Un filone di ricerca assai intrigante è poi quello relativo all'individuazione del potere femminile, che spesso è ricercato solo dietro le quinte, quale "motore segreto" dell'azione maschile, mentre è forse più interessante studiare come le certo rare emergenze di potere delle donne siano state poi traviate e trasformate dalla tradizione storica e letteraria, per consuetudine detenuta dagli uomini: così le donne diventate regine nelle società antiche sono quasi tutte usurpatrici, vendicative e dissolute, sanguinarie e destinate a una fine tragica, come giusta punizione dei loro efferati delitti.
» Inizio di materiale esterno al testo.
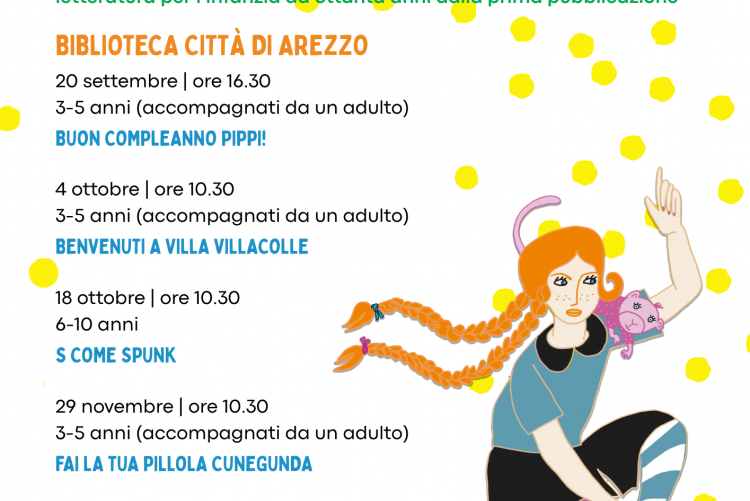 Sabato 20 settembre alle ore 16.30 nella Sala Conferenze della Biblioteca Città di Arezzo si terrà il primo dei 21 incontri dedicati a Pippi Calzelunghe che si svolgeranno in 9 biblioteche della Rete Documentaria Aretina da settembre 2025 fino a febbraio 2026. “Buon compleanno Pippi!” è il titolo del primo appuntamento della rassegna rivolto a bambini dai 3 ai 5 anni (accompagnati da un adulto) che apre un ricco programma di incontri, letture, atelier per omaggiare un personaggio centrale della letteratura per l’infanzia ad ottanta anni dalla prima pubblicazione.

Va da sé che, da questo punto di vista, il delitto più imperdonabile era proprio la presa del potere, da cui scaturivano tutte le altre nefaste conseguenze.
L'analisi del ruolo femminile appare quanto mai difficile per il mondo vicino-orientale antico, per la scarsità dei documenti materiali e per la mancanza di oggettività della documentazione testuale.
Forse non si è riusciti a disegnare il ritratto della "donna mesopotamica", ma certamente si ritiene di avere messo in luce alcune donne di Mesopotamia, attive e partecipi della società del loro tempo, ancora, in qualche caso, di grande fascino evocativo per noi, che a loro ci avviciniamo con tante difficoltà e incertezze.